Keep these elements as simple as possible, and do not nest them.

After writing your program, produce a PDF that contains — for each code element — the following items:

  1. The original code snippet in C
  2. The code snippet in x86 assembly as produced by Visual Studio. (Note: For the function calls, this must include the caller, the callee, and any stack cleanup after the function call).
  3. A line by line plain English explanation, in your own words, of exactly what is happening in the assembly code to implement the original C code. Your explanation should include elements that are not visible in the higher level language, such as the function call and return mechanism.

In addition, provide two screenshots in your PDF report. One screenshot should be from Visual Studio, and one from x32dbg, showing the same assembly code for a particular code element (your choice), thereby demonstrating that you know how to locate code in a binary file. Draw a box or an arrow on the screenshot so it is obvious to the reader which lines of assembly are being presented. You only need to do this for one of the code elements above, not all eight.

Note: The plain English explanation of each line of assembly code is the most important element of this lab! Be sure that you fully explain the assembly code.

Tips

Warning: Build your program in DEBUG MODE. If you build in release mode, the compiler will "helpfully" optimize and re-order the binary output, and it will be difficult to correlate your C++ code with the assembly code

You have two choices in how to view the assembly code generated by the compiler. Both approaches will show you the same assembly code, but differ in terms of ease-of-use.

  1. Visual Studio Disassembler — Easier to read, but not realistic for malware — Visual Studio can directly show the resulting assembly code. First build your executable, and then start and immediately halt the debugger by choosing Debug->Step Into. The debugger should break immediately after entering main(). Then choose Debug->Windows->Disassembly and you should see your C/C++ code interspersed with the corresponding assembly code.
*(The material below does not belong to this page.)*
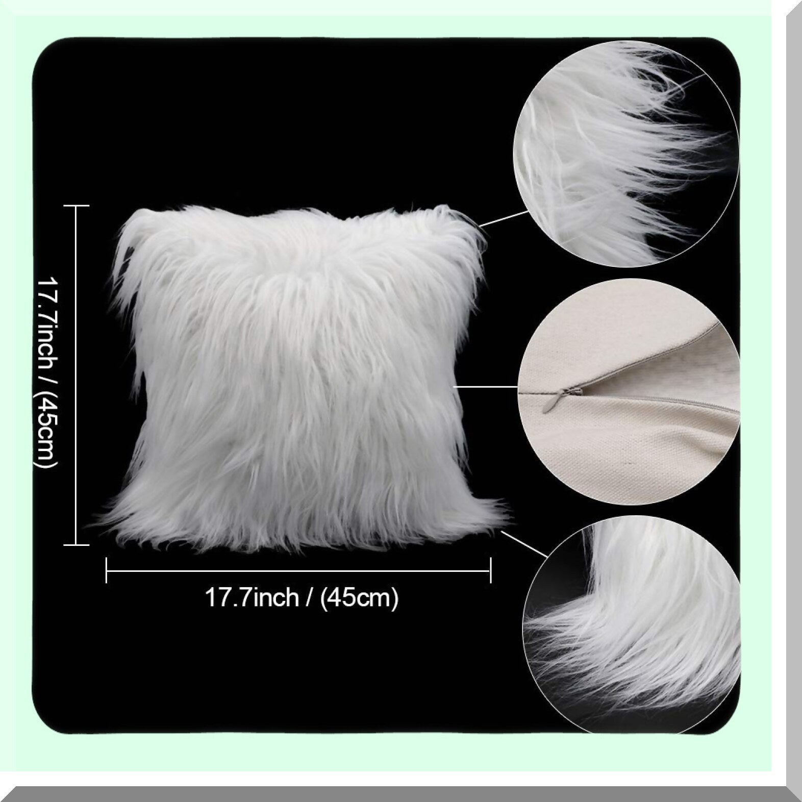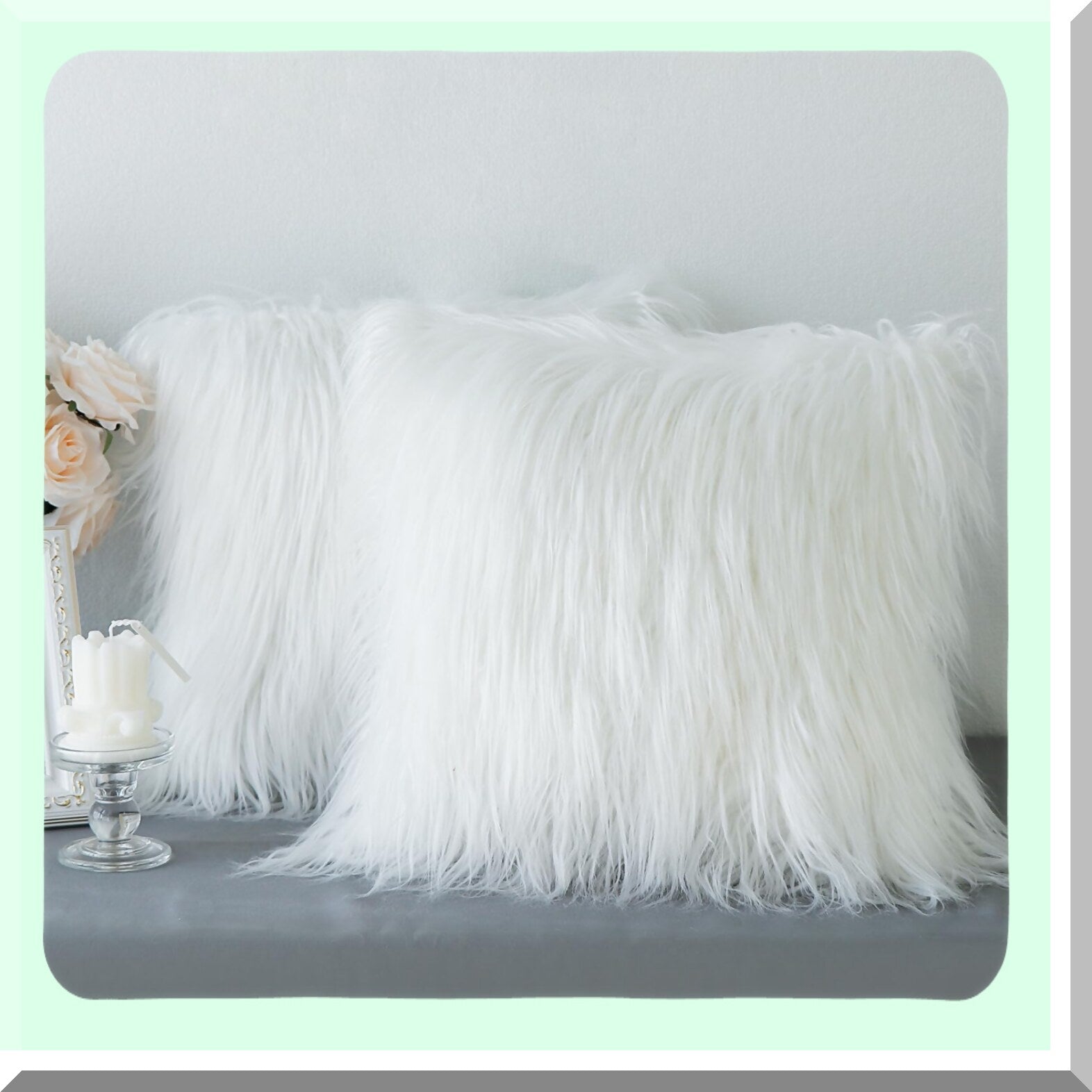 Luxury Merino Fluffy Cushion Covers - Set of 2 Plush Decorative Pillows for Living Room, Couch, Bed, Car, Chair - 18" x 18" Off-White - Soft and Stylish

    • Pros: It's very easy to find what you are looking for
    • Cons: Malware executables do not include the symbol tables and original source code that would allow a disassembler to provide this level of detail. Don't get used to this level of handholding, as you will never see it again.
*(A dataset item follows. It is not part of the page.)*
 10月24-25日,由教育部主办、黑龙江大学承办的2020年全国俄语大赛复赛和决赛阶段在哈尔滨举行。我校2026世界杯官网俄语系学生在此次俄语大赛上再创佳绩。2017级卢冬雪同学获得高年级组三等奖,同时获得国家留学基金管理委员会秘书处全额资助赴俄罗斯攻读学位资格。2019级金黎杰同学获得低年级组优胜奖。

  2. External Disassembler (x32dbg, IDA Pro, ...) — Harder to read, but very realistic for malware — For malware reverse engineering, you will typically use a standalone disassembler (e.g. IDA Pro) or disassembler/debugger (e.g. x32dbg/x64dbg).

    • If you will be moving this executable to a different virtual machine or computer (to use the disassembler, for example), build a binary that includes the C Language Runtime. To do this, select Project->Properties->C/C++->Code Generation and change Runtime Library to "Multi-threaded Debug (/MTd)"
    • If you built a 32-bit binary, use the x32dbg disassembler to view the assembly.
    • If you built a 64-bit binary, use the x64dbg disassembler to view the assembly.
    • Both disassemblers (x32dbg and x64dbg) are included in your Windows virtual machine image. Simple drag and drop your compiled executable onto the desired Desktop shortcut to open the tool. It will immediately disassemble your executable, enter the debugger, and pause execution.
    • The significant challenge here is, without a symbol table and original source code, how do you find "your" assembly code in the midst of all of the compiler-generated initialization code? Truly a needle in a haystack situation for even a tiny program like this.
      • One method is to print out a really obvious string at the first line of main() in your program. In x32dbg, you can the search for this string by right clicking and choosing Search For->All Modules->String References and entering your custom string in the search box. Then, right click on the matching line and choose Follow in Disassembler.
      • Another method would be to use the Win32 API to set a breakpoint, and run the disassembler/debugger until you hit that breakpoint. Include code like this in your program at the start of main(): if (IsDebuggerPresent()) __debugbreak();
    • If you want to run your code (step through it and watch the registers change), select the desired line, and then choose Debug->Run until selection.